----- RAW DATA -----

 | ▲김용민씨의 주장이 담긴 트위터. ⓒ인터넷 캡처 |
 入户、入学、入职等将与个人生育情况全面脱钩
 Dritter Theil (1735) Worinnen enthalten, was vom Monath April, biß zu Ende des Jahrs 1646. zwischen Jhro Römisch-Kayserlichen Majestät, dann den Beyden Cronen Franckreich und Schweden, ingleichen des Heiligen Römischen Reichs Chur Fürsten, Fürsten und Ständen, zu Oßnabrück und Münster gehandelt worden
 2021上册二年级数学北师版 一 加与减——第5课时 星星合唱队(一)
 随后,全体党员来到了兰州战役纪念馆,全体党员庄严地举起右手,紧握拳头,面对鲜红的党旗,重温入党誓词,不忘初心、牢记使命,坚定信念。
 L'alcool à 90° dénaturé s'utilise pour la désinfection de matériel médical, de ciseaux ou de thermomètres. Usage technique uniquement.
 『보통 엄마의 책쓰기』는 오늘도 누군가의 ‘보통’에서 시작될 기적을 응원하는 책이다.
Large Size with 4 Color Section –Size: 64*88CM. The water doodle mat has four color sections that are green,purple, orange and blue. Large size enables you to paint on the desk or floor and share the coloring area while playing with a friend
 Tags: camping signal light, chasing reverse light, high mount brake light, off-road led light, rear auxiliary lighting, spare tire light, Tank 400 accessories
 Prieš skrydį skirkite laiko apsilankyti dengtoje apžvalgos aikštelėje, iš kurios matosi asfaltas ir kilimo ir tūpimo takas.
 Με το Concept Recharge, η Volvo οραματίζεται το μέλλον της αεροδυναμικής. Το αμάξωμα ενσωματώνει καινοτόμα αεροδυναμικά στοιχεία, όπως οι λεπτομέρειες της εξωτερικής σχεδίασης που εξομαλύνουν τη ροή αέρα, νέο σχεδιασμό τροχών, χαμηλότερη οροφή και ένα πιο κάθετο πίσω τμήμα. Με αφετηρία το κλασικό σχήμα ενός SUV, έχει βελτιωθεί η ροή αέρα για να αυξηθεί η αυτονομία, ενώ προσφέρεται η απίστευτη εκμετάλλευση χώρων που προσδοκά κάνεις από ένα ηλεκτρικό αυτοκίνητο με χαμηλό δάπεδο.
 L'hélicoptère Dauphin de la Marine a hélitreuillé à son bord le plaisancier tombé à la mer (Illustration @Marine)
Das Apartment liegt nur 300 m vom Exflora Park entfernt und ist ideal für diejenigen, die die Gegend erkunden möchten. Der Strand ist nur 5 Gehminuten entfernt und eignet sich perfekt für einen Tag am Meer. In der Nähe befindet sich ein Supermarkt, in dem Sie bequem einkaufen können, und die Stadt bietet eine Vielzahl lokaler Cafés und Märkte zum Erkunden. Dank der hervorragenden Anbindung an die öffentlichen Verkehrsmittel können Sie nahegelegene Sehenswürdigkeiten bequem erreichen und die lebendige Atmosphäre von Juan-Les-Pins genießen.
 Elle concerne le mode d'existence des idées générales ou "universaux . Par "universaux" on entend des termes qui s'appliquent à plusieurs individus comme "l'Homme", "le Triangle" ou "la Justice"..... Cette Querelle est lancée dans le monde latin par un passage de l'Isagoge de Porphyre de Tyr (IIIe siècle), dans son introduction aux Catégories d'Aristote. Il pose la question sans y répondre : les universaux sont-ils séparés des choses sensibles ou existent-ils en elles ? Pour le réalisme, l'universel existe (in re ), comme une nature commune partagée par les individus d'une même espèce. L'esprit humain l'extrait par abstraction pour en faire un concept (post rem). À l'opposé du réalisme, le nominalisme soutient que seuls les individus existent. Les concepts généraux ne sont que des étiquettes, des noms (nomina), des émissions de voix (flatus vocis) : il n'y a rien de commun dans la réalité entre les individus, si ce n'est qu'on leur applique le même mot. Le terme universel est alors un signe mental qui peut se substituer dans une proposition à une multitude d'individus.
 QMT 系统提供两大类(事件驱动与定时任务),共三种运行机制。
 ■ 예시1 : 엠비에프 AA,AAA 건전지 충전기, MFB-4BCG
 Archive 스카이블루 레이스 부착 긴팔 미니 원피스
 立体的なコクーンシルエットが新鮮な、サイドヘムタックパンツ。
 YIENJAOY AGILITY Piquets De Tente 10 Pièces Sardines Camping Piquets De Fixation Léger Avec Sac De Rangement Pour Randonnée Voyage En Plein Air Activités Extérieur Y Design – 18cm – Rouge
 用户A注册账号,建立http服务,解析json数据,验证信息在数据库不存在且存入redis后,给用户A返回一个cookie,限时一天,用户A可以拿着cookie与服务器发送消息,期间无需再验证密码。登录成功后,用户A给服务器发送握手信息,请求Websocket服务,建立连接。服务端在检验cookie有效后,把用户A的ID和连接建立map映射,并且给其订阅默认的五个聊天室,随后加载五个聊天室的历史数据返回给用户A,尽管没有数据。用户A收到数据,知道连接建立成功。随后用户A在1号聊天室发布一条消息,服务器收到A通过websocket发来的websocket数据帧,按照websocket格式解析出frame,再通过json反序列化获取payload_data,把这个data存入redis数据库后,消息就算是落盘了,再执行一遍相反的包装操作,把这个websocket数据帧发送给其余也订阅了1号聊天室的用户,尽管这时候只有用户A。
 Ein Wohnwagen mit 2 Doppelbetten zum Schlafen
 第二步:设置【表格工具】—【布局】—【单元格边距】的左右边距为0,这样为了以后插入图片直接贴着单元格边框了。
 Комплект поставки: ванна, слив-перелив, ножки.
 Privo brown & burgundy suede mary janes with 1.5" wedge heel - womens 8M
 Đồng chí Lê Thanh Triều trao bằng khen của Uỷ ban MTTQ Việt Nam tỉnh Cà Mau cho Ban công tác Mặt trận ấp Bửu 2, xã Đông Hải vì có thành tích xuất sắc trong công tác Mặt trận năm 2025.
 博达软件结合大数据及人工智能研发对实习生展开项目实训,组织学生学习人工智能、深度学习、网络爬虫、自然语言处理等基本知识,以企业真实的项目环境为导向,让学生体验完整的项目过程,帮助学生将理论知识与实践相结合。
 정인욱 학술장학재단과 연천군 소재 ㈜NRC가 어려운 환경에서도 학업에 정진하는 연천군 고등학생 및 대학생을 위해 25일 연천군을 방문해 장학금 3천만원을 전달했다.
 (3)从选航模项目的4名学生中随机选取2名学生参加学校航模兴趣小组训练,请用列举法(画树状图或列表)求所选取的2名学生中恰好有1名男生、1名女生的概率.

-----

▸ **YOUR INSTRUCTIONS**
The records above should be reproduced in full, exactly as they read.

▸ **RESPONSE TO THE TASK**
 | ▲김용민씨의 주장이 담긴 트위터. ⓒ인터넷 캡처 |
 入户、入学、入职等将与个人生育情况全面脱钩
 Dritter Theil (1735) Worinnen enthalten, was vom Monath April, biß zu Ende des Jahrs 1646. zwischen Jhro Römisch-Kayserlichen Majestät, dann den Beyden Cronen Franckreich und Schweden, ingleichen des Heiligen Römischen Reichs Chur Fürsten, Fürsten und Ständen, zu Oßnabrück und Münster gehandelt worden
 2021上册二年级数学北师版 一 加与减——第5课时 星星合唱队(一)
 随后,全体党员来到了兰州战役纪念馆,全体党员庄严地举起右手,紧握拳头,面对鲜红的党旗,重温入党誓词,不忘初心、牢记使命,坚定信念。
 L'alcool à 90° dénaturé s'utilise pour la désinfection de matériel médical, de ciseaux ou de thermomètres. Usage technique uniquement.
 『보통 엄마의 책쓰기』는 오늘도 누군가의 ‘보통’에서 시작될 기적을 응원하는 책이다.
Large Size with 4 Color Section –Size: 64*88CM. The water doodle mat has four color sections that are green,purple, orange and blue. Large size enables you to paint on the desk or floor and share the coloring area while playing with a friend
 Tags: camping signal light, chasing reverse light, high mount brake light, off-road led light, rear auxiliary lighting, spare tire light, Tank 400 accessories
 Prieš skrydį skirkite laiko apsilankyti dengtoje apžvalgos aikštelėje, iš kurios matosi asfaltas ir kilimo ir tūpimo takas.
 Με το Concept Recharge, η Volvo οραματίζεται το μέλλον της αεροδυναμικής. Το αμάξωμα ενσωματώνει καινοτόμα αεροδυναμικά στοιχεία, όπως οι λεπτομέρειες της εξωτερικής σχεδίασης που εξομαλύνουν τη ροή αέρα, νέο σχεδιασμό τροχών, χαμηλότερη οροφή και ένα πιο κάθετο πίσω τμήμα. Με αφετηρία το κλασικό σχήμα ενός SUV, έχει βελτιωθεί η ροή αέρα για να αυξηθεί η αυτονομία, ενώ προσφέρεται η απίστευτη εκμετάλλευση χώρων που προσδοκά κάνεις από ένα ηλεκτρικό αυτοκίνητο με χαμηλό δάπεδο.
 L'hélicoptère Dauphin de la Marine a hélitreuillé à son bord le plaisancier tombé à la mer (Illustration @Marine)
Das Apartment liegt nur 300 m vom Exflora Park entfernt und ist ideal für diejenigen, die die Gegend erkunden möchten. Der Strand ist nur 5 Gehminuten entfernt und eignet sich perfekt für einen Tag am Meer. In der Nähe befindet sich ein Supermarkt, in dem Sie bequem einkaufen können, und die Stadt bietet eine Vielzahl lokaler Cafés und Märkte zum Erkunden. Dank der hervorragenden Anbindung an die öffentlichen Verkehrsmittel können Sie nahegelegene Sehenswürdigkeiten bequem erreichen und die lebendige Atmosphäre von Juan-Les-Pins genießen.
 Elle concerne le mode d'existence des idées générales ou "universaux . Par "universaux" on entend des termes qui s'appliquent à plusieurs individus comme "l'Homme", "le Triangle" ou "la Justice"..... Cette Querelle est lancée dans le monde latin par un passage de l'Isagoge de Porphyre de Tyr (IIIe siècle), dans son introduction aux Catégories d'Aristote. Il pose la question sans y répondre : les universaux sont-ils séparés des choses sensibles ou existent-ils en elles ? Pour le réalisme, l'universel existe (in re ), comme une nature commune partagée par les individus d'une même espèce. L'esprit humain l'extrait par abstraction pour en faire un concept (post rem). À l'opposé du réalisme, le nominalisme soutient que seuls les individus existent. Les concepts généraux ne sont que des étiquettes, des noms (nomina), des émissions de voix (flatus vocis) : il n'y a rien de commun dans la réalité entre les individus, si ce n'est qu'on leur applique le même mot. Le terme universel est alors un signe mental qui peut se substituer dans une proposition à une multitude d'individus.
 QMT 系统提供两大类(事件驱动与定时任务),共三种运行机制。
 ■ 예시1 : 엠비에프 AA,AAA 건전지 충전기, MFB-4BCG
 Archive 스카이블루 레이스 부착 긴팔 미니 원피스
 立体的なコクーンシルエットが新鮮な、サイドヘムタックパンツ。
 YIENJAOY AGILITY Piquets De Tente 10 Pièces Sardines Camping Piquets De Fixation Léger Avec Sac De Rangement Pour Randonnée Voyage En Plein Air Activités Extérieur Y Design – 18cm – Rouge
 用户A注册账号,建立http服务,解析json数据,验证信息在数据库不存在且存入redis后,给用户A返回一个cookie,限时一天,用户A可以拿着cookie与服务器发送消息,期间无需再验证密码。登录成功后,用户A给服务器发送握手信息,请求Websocket服务,建立连接。服务端在检验cookie有效后,把用户A的ID和连接建立map映射,并且给其订阅默认的五个聊天室,随后加载五个聊天室的历史数据返回给用户A,尽管没有数据。用户A收到数据,知道连接建立成功。随后用户A在1号聊天室发布一条消息,服务器收到A通过websocket发来的websocket数据帧,按照websocket格式解析出frame,再通过json反序列化获取payload_data,把这个data存入redis数据库后,消息就算是落盘了,再执行一遍相反的包装操作,把这个websocket数据帧发送给其余也订阅了1号聊天室的用户,尽管这时候只有用户A。
 Ein Wohnwagen mit 2 Doppelbetten zum Schlafen
 第二步:设置【表格工具】—【布局】—【单元格边距】的左右边距为0,这样为了以后插入图片直接贴着单元格边框了。
 Комплект поставки: ванна, слив-перелив, ножки.
 Privo brown & burgundy suede mary janes with 1.5" wedge heel - womens 8M
 Đồng chí Lê Thanh Triều trao bằng khen của Uỷ ban MTTQ Việt Nam tỉnh Cà Mau cho Ban công tác Mặt trận ấp Bửu 2, xã Đông Hải vì có thành tích xuất sắc trong công tác Mặt trận năm 2025.
 博达软件结合大数据及人工智能研发对实习生展开项目实训,组织学生学习人工智能、深度学习、网络爬虫、自然语言处理等基本知识,以企业真实的项目环境为导向,让学生体验完整的项目过程,帮助学生将理论知识与实践相结合。
 정인욱 학술장학재단과 연천군 소재 ㈜NRC가 어려운 환경에서도 학업에 정진하는 연천군 고등학생 및 대학생을 위해 25일 연천군을 방문해 장학금 3천만원을 전달했다.
 (3)从选航模项目的4名学生中随机选取2名学生参加学校航模兴趣小组训练,请用列举法(画树状图或列表)求所选取的2名学生中恰好有1名男生、1名女生的概率.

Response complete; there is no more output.